Фролов переступил порог и осмотрелся: в прихожей — русская печь, высокие полати, за фанерной перегородкой, в горнице — узкая голландка, пол из широких некрашеных досок, пузато провис потолок. Из голых стен кое-где сиротливо торчат гвозди, с обрывками медной проволоки и шпагата — что-то висело на них.

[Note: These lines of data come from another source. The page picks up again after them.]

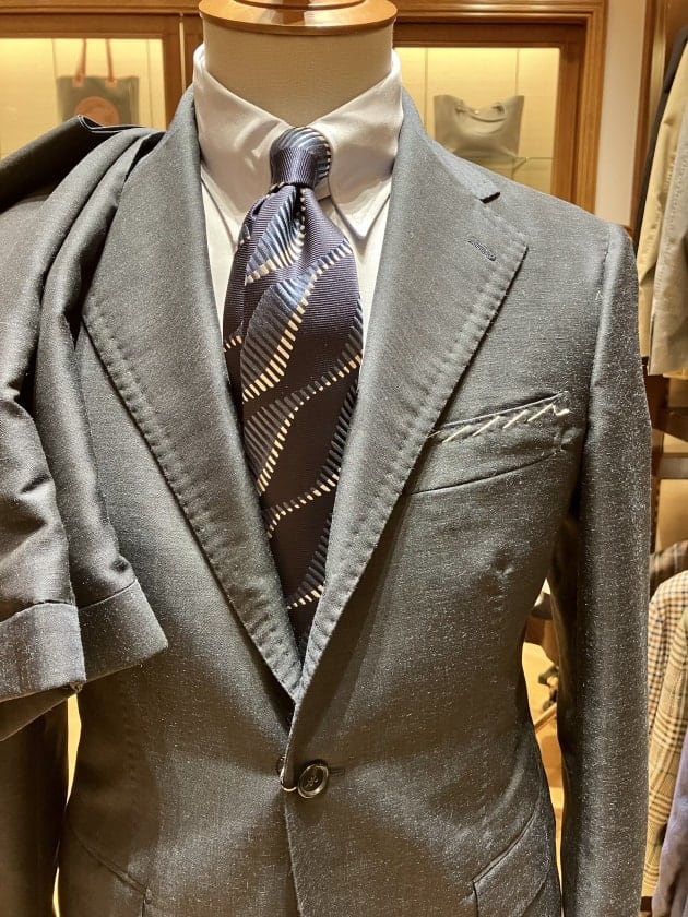 ウールとモヘヤをブレンドすることで、しなやかでありながらハリやコシが生まれシワになりにくく耐久性に優れ、更に美しい光沢があって高級感を醸し出す、そんな特徴を持ち合わせております。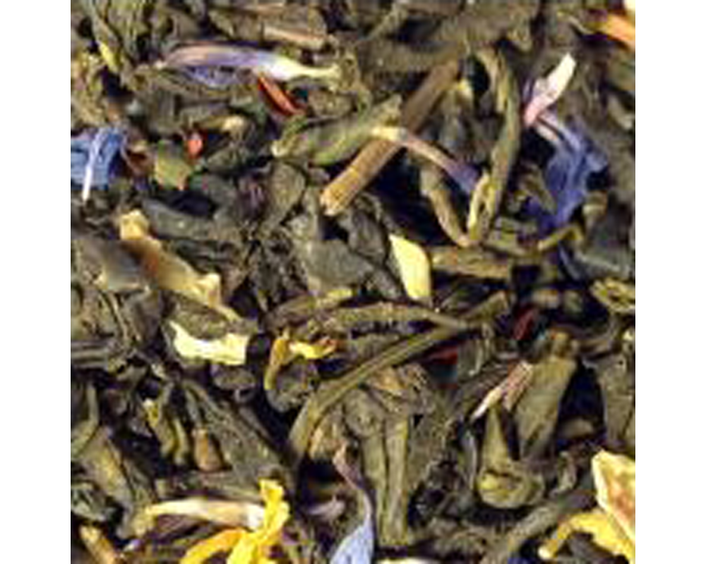 Green tea, sunflower, cornflower, jasmine, osmanthus, safflower and calendula petals.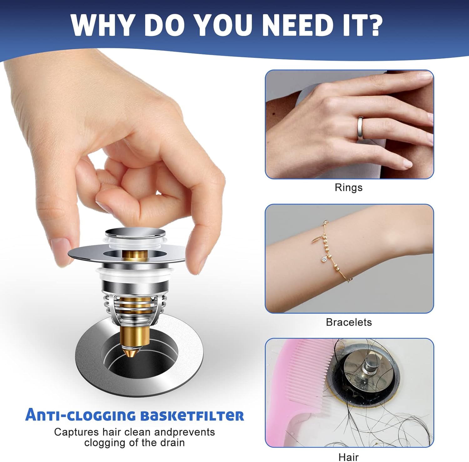 - 【Anti-Drain Clogging Design】The bathroom sink strainer has an anti-clogging basket filter inside, which effectively prevents drain clogs such as hair, bracelets, tea leaves or rings. Just gently rotate the elastic cap and remove the elastic core to easily clean hair.

— На тою неделю в новую избу норовим отсюдова… Я тут загодя поснимала все, собрала. Дед-то уж в новой ночует, а я ешшо тута. Не могу покинуть этаю избенку, прости ты меня господи. На сердце такая жалость, ровно корову на бойню свожу. — Власовна часто заморгала тусклыми глазами. — Рушить избу пока не будем, заместо кладовки послужит.

Она вышла, оставив дверь открытой. И этот пустой, зияющий проем двери, поглотивший ее, вдруг показался: Фролову темным экраном, с которого исчезла Власовна и сейчас покажется вновь. Когда-то здесь мельтешили ее дети, на уровне дверной скобы мелькали их вихрастые мальчишечьи головки, затем они подрастали, один за другим уходили на фронт, и каждый из них, ступая на порог, небось пригибался, не вмещаясь в этот темный прямоугольник двери…

Фролов глядел на порог. Потемневшая дубовая тесина, посредине ее глубокая ложбинка, выструганная временем, тысячами прикосновений подошв. Порог был стерт и отполирован, как старое воловье ярмо. Многое видел и знал этот порог. Он слышал ночной шепот и любовь юных Власовны и Захарыча, тонкие крики новорожденных — Прохора, Алексея, Павла, Александра и Маши, он ощущал на себе нежное тепло голозадых малышей, затем легкую поступь их юношеского шага, которым они однажды прощально переступили его. Вместо сыновей слетелись в дом похоронки.

На пустой стене висели старинные часы, с медными, как пушечные гильзы, гирями на цепочках. Маятник медленно и задумчиво отстукивал время.

— Тридцать годов без ремонту ходют. — Власовна потянула за цепочку, гири поплыли вверх. — Ешшо до войны старик возил в город остеклить. Павлуша, покойник, рогатку прятал за часы. Полез и столкнул ненароком. Остеклили, и вот стукают.

— Павлуша не вернулся?.. — вылетел у Фролова ненужный вопрос.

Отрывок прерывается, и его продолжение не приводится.